● EXERCISE DIRECTIONS:
With both ends included, repeat exactly the lines of the entries below from the one containing "Auf dem schmalen" down to the one containing "A Nyitott Kapu-Vár", and no others.

● THE DATA:
>>>

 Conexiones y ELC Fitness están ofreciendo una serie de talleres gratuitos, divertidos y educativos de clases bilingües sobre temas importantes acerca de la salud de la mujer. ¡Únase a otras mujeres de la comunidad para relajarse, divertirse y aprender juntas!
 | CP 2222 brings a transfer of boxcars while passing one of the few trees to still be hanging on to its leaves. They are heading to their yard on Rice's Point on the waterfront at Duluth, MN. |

<<<
>>>

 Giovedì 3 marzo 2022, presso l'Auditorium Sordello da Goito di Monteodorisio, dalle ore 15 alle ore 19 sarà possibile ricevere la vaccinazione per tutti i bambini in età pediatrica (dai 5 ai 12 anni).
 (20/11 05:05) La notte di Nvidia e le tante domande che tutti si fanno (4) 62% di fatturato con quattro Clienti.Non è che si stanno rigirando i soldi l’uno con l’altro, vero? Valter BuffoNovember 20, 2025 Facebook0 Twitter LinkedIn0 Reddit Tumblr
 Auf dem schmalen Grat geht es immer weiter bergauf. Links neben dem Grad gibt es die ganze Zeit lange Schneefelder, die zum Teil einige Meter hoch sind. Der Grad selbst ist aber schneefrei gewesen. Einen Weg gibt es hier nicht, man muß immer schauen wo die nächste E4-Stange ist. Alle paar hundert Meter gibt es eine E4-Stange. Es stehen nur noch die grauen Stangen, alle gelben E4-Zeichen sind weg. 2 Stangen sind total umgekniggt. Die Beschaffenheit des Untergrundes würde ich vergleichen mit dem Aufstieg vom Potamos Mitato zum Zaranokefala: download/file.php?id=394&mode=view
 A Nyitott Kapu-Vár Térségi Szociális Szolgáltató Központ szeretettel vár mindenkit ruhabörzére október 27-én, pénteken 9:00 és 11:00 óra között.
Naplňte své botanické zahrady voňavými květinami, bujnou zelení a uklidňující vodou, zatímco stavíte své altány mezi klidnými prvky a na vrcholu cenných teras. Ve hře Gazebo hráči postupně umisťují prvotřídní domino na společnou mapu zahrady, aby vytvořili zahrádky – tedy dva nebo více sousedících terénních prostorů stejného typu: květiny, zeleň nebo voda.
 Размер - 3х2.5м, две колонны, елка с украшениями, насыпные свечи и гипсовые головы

<<<

● WRITTEN RESPONSE:
 Auf dem schmalen Grat geht es immer weiter bergauf. Links neben dem Grad gibt es die ganze Zeit lange Schneefelder, die zum Teil einige Meter hoch sind. Der Grad selbst ist aber schneefrei gewesen. Einen Weg gibt es hier nicht, man muß immer schauen wo die nächste E4-Stange ist. Alle paar hundert Meter gibt es eine E4-Stange. Es stehen nur noch die grauen Stangen, alle gelben E4-Zeichen sind weg. 2 Stangen sind total umgekniggt. Die Beschaffenheit des Untergrundes würde ich vergleichen mit dem Aufstieg vom Potamos Mitato zum Zaranokefala: download/file.php?id=394&mode=view
 A Nyitott Kapu-Vár Térségi Szociális Szolgáltató Központ szeretettel vár mindenkit ruhabörzére október 27-én, pénteken 9:00 és 11:00 óra között.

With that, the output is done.